Daniel Abse CBE FRSL (22 September 1923 – 28 September 2014) was a Welsh poet and physician. His poetry won him many awards. As a medic, he worked in a chest clinic for over 30 years.

Early years
Abse was born in Cardiff, Wales, as the younger brother of the politician and reformer Leo Abse and the eminent psychoanalyst Wilfred Abse. Unusually for a middle-class Jewish boy, Dannie Abse attended St Illtyd's College, a working-class Catholic school in Splott. Abse studied medicine, first at the University of Wales College of Medicine and then at Westminster Hospital Medical School and King's College London.

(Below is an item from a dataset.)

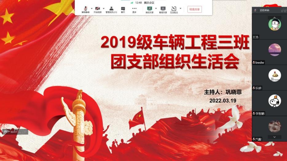3月19日下午,成人漫画 2019级车辆工程三班团支部通过腾讯会议召开了专题组织生活会及团员评议,车辆三班团支部全体成员参加会议。会议由团支部书记巩晓菲主持。
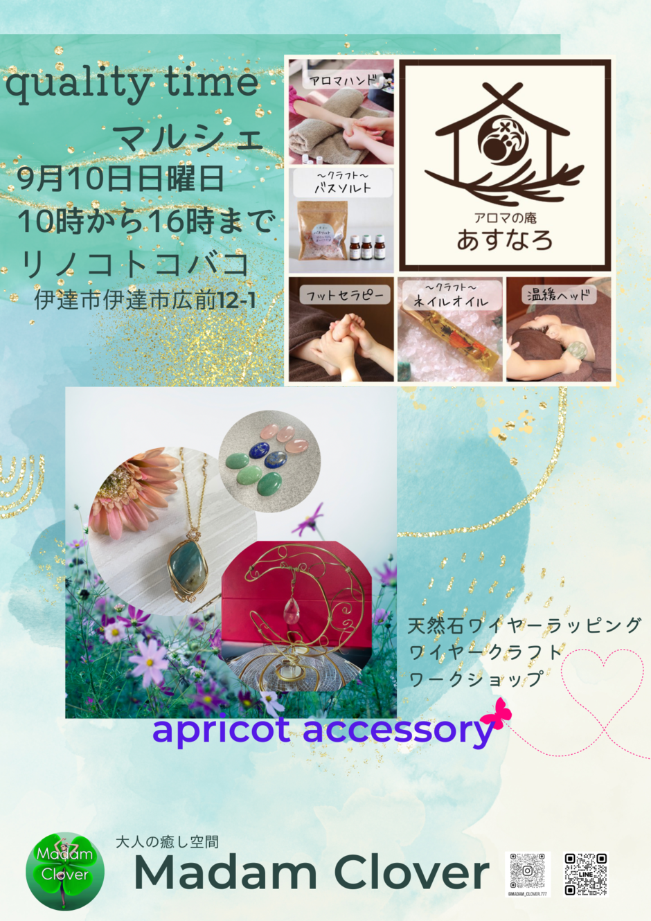 | お問い合わせ | MadamClover メール Madam_clover777@yahoo.co.jp 電話 080-8840-2434 |

Abse was a passionate supporter of Cardiff City football club. He first went to watch them play in 1934 and many of his writings refer to his experiences watching and lifelong love of the team known as "The Bluebirds".

Career as poet

Although best known as a poet, Abse worked in the medical field, and was a physician in a chest clinic for over thirty years. He received numerous literary awards and fellowships for his writing. In 1989, he received an honorary doctorate from the University of Wales.

His first volume of poetry, After Every Green Thing, was published in 1949. His autobiographic work, Ash on a Young Man's Sleeve, was published in 1954. He won the Welsh Arts Council Award in both 1971 and 1987, and the Cholmondeley Award in 1985. He was a Fellow of The Royal Society of Literature from 1983. In a foreword to Collected Poems 1948–1976, Abse noted that his poems are increasingly "rooted in actual experience," both domestic and professional, and many display a reconciliation between Jewish and Welsh themes and traditions.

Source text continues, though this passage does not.